High frame rate (∼3 Hz) circular photoacoustic tomography using single-element ultrasound transducer aided with deep learning

Significance: In circular scanning photoacoustic tomography (PAT), it takes several minutes to generate an image of acceptable quality, especially with a single-element ultrasound transducer (UST). The imaging speed can be enhanced by faster scanning (with high repetition rate light sources) and using multiple-USTs.
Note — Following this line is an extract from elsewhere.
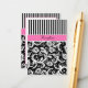Esta moderna y moda tarjeta de recepción con damasco floral a rayas blancas, negras y rosas combina con la invitación a la boda que se muestra a continuación. También puede utilizarla como tarjeta de mapa o de direcciones o tarjeta de información del boda cambiando el texto en consecuencia. ****POR FAVOR, NOTE que todo se imprimirá tal como lo ves en tu monitor. No veré tu producto y Zazzle NO editará nada para tipografía, alineación, etc., así que asegúrate de que todo tu texto esté centrado y libre de errores. Si necesitas ayuda, por favor envíame un correo electrónico ANTES de realizar tu pedido. Si necesita algún elemento coincidente, envíe su solicitud a niteowlstudio@gmail.com.

However, artifacts arising from the sparse signal acquisition and low signal-to-noise ratio at higher scanning speeds limit the imaging speed. Thus, there is a need to improve the imaging speed of the PAT systems without hampering the quality of the PAT image. Aim: To improve the frame rate (or imaging speed) of the PAT system by using deep learning (DL). Approach: For improving the frame rate (or imaging speed) of the PAT system, we propose a novel U-Net-based DL framework to reconstruct PAT images from fast scanning data. Results: The efficiency of the network was evaluated on both single-and multiple-UST-based PAT systems. Both phantom and in vivo imaging demonstrate that the network can improve the imaging frame rate by approximately sixfold in single-UST-based PAT systems and by approximately twofold in multi-UST-based PAT systems. Conclusions: We proposed an innovative method to improve the frame rate (or imaging speed) by using DL and with this method, the fastest frame rate of ∼3 Hz imaging is achieved without hampering the quality of the reconstructed image.